*Goal of the exercise:*
Once you find the line with "Leopard Short Faux Fur Jacket, Leopard" in the data below, transcribe exactly each line from there to the line with "जयपुर। ट्रांसपोर्ट नगर", inclusive, and nothing else. Drop the pictures.

*Records supplied:*
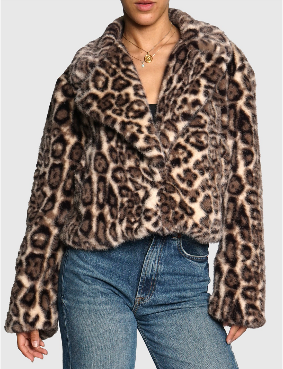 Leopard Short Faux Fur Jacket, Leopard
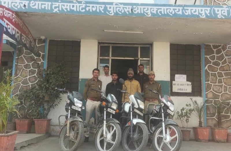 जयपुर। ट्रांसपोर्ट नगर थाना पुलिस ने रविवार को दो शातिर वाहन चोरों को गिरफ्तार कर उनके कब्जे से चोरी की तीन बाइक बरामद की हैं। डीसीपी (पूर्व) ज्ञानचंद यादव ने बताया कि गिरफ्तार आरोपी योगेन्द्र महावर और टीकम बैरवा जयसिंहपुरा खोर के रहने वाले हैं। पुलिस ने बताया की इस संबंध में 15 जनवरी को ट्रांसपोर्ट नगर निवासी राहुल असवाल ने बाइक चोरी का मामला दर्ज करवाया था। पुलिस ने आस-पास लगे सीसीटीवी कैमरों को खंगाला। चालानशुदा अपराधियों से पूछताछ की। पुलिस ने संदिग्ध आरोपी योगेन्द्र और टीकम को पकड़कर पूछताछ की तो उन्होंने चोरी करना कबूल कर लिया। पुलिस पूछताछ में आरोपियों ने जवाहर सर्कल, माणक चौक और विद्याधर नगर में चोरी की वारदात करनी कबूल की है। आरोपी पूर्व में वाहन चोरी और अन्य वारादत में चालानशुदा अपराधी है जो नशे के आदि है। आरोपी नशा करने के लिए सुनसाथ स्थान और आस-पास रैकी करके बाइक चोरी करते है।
* * *
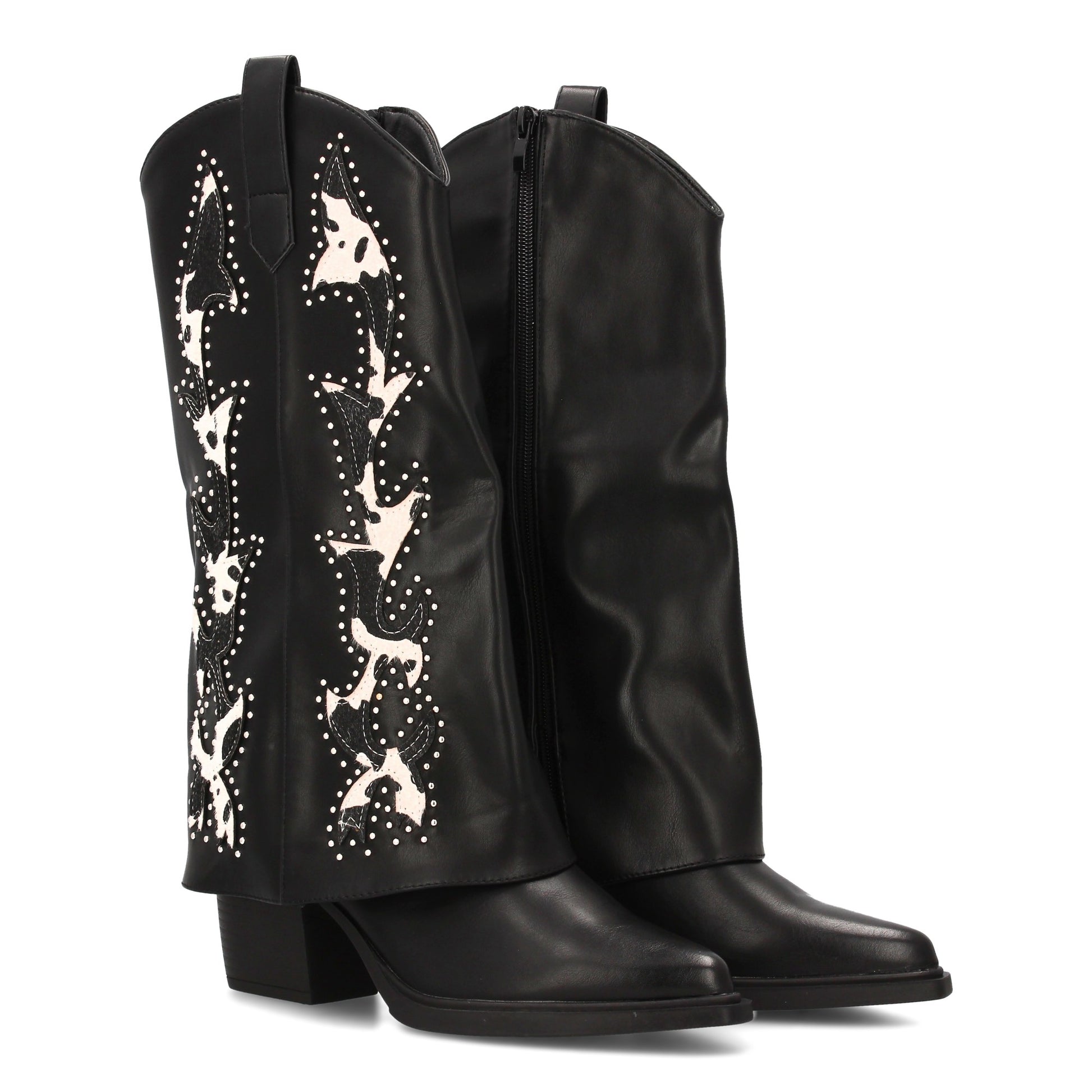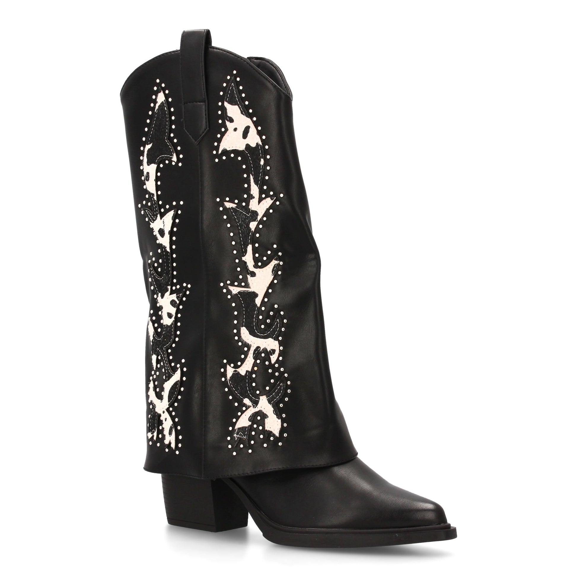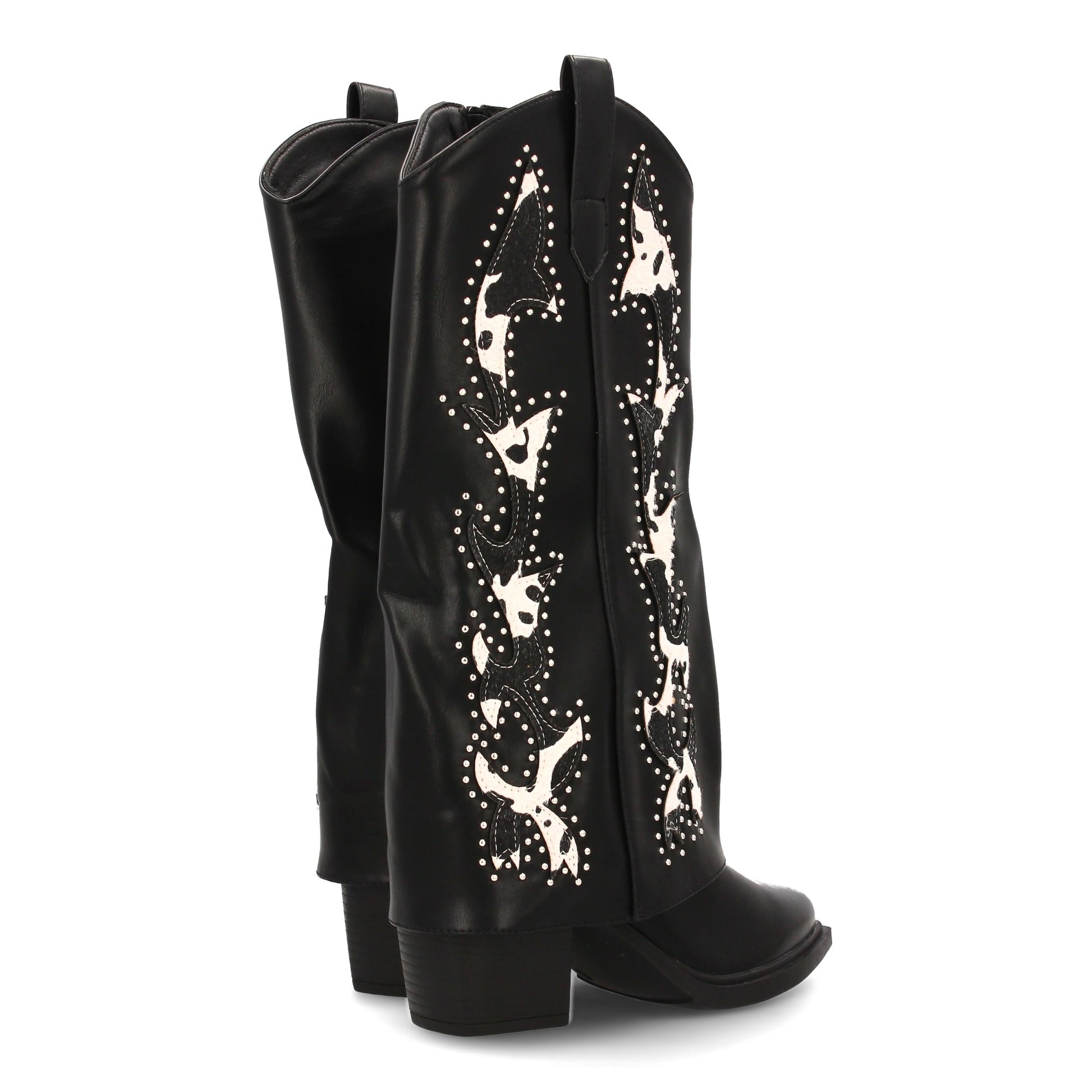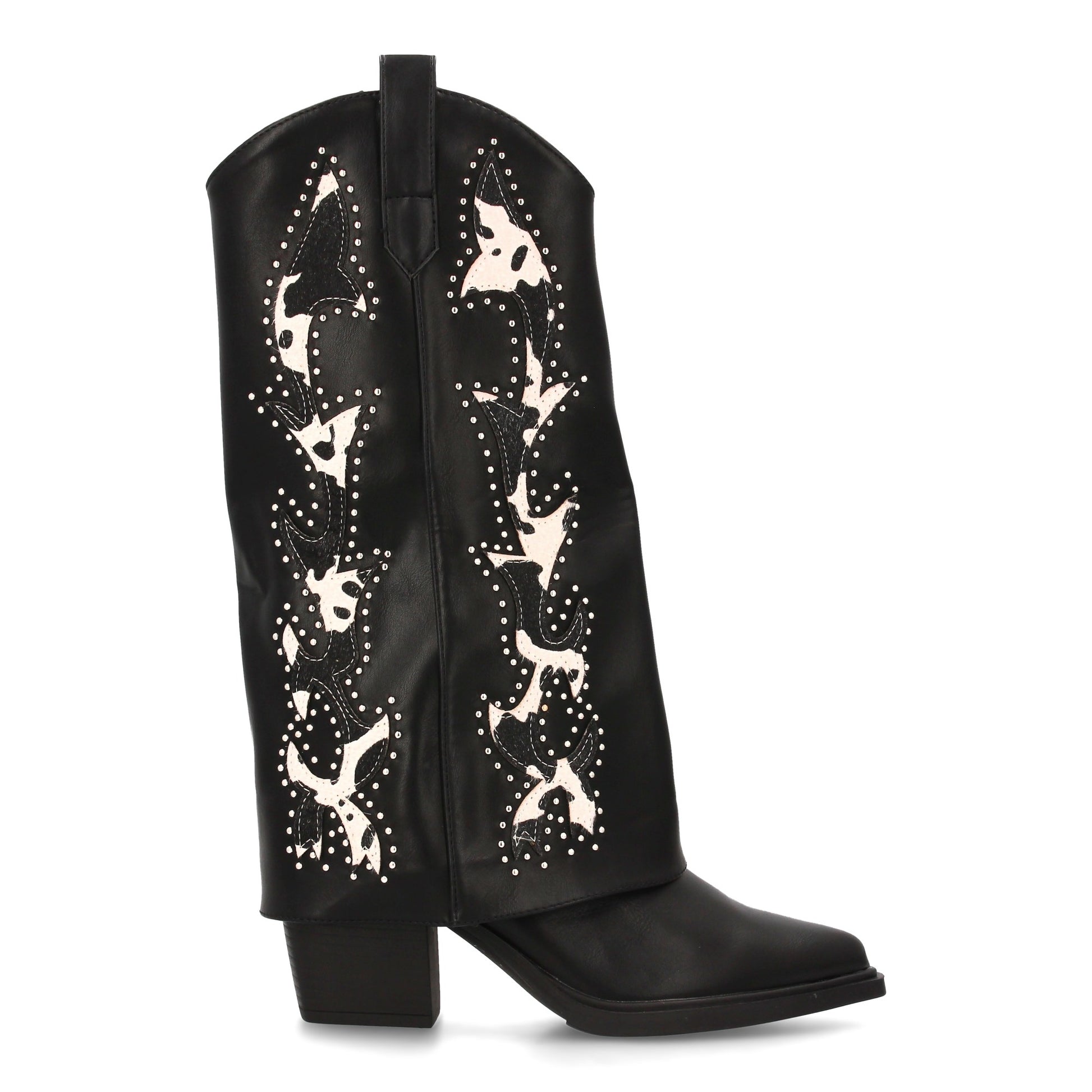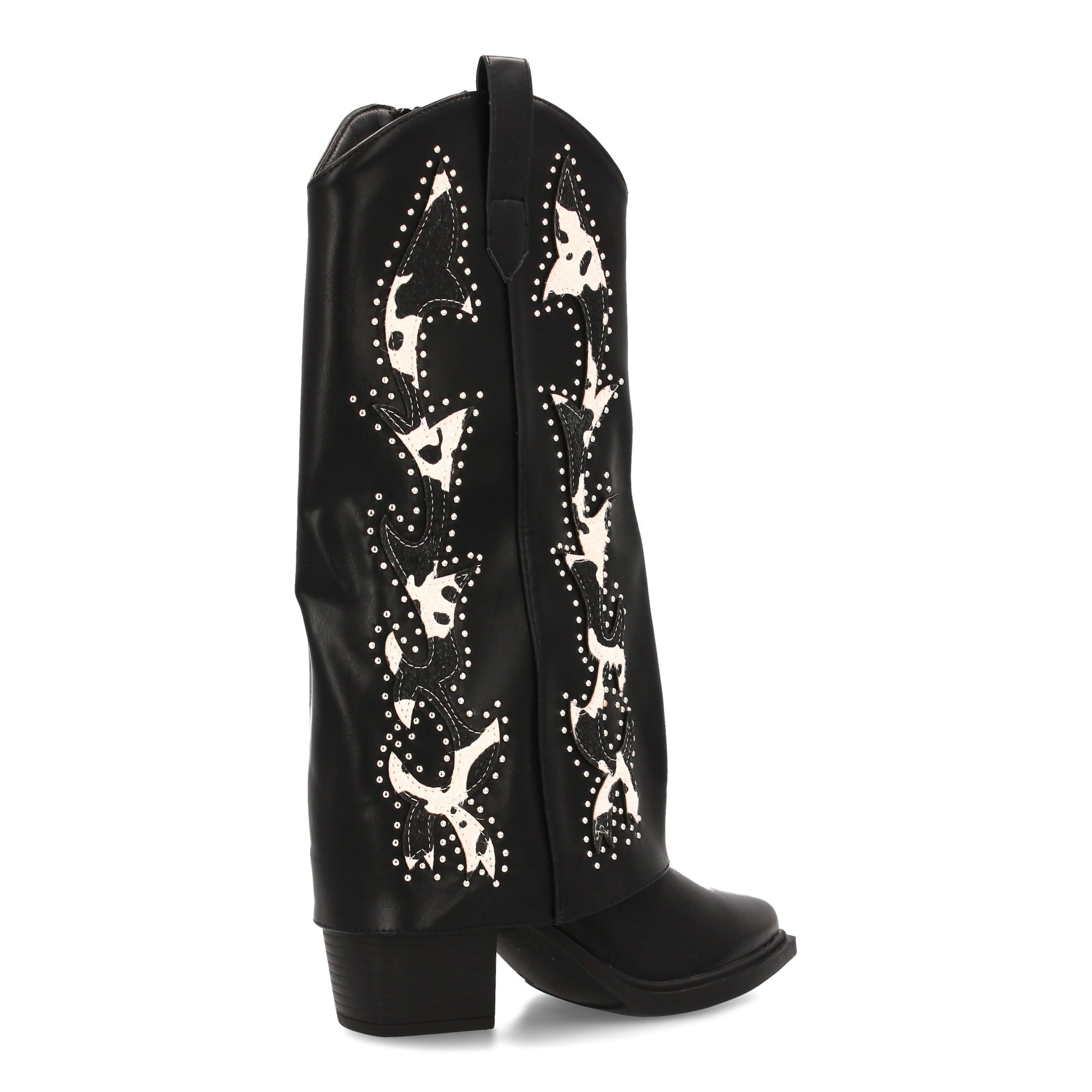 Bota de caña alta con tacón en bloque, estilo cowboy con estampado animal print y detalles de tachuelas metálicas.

*Solution for this task:*
 Leopard Short Faux Fur Jacket, Leopard
 जयपुर। ट्रांसपोर्ट नगर थाना पुलिस ने रविवार को दो शातिर वाहन चोरों को गिरफ्तार कर उनके कब्जे से चोरी की तीन बाइक बरामद की हैं। डीसीपी (पूर्व) ज्ञानचंद यादव ने बताया कि गिरफ्तार आरोपी योगेन्द्र महावर और टीकम बैरवा जयसिंहपुरा खोर के रहने वाले हैं। पुलिस ने बताया की इस संबंध में 15 जनवरी को ट्रांसपोर्ट नगर निवासी राहुल असवाल ने बाइक चोरी का मामला दर्ज करवाया था। पुलिस ने आस-पास लगे सीसीटीवी कैमरों को खंगाला। चालानशुदा अपराधियों से पूछताछ की। पुलिस ने संदिग्ध आरोपी योगेन्द्र और टीकम को पकड़कर पूछताछ की तो उन्होंने चोरी करना कबूल कर लिया। पुलिस पूछताछ में आरोपियों ने जवाहर सर्कल, माणक चौक और विद्याधर नगर में चोरी की वारदात करनी कबूल की है। आरोपी पूर्व में वाहन चोरी और अन्य वारादत में चालानशुदा अपराधी है जो नशे के आदि है। आरोपी नशा करने के लिए सुनसाथ स्थान और आस-पास रैकी करके बाइक चोरी करते है।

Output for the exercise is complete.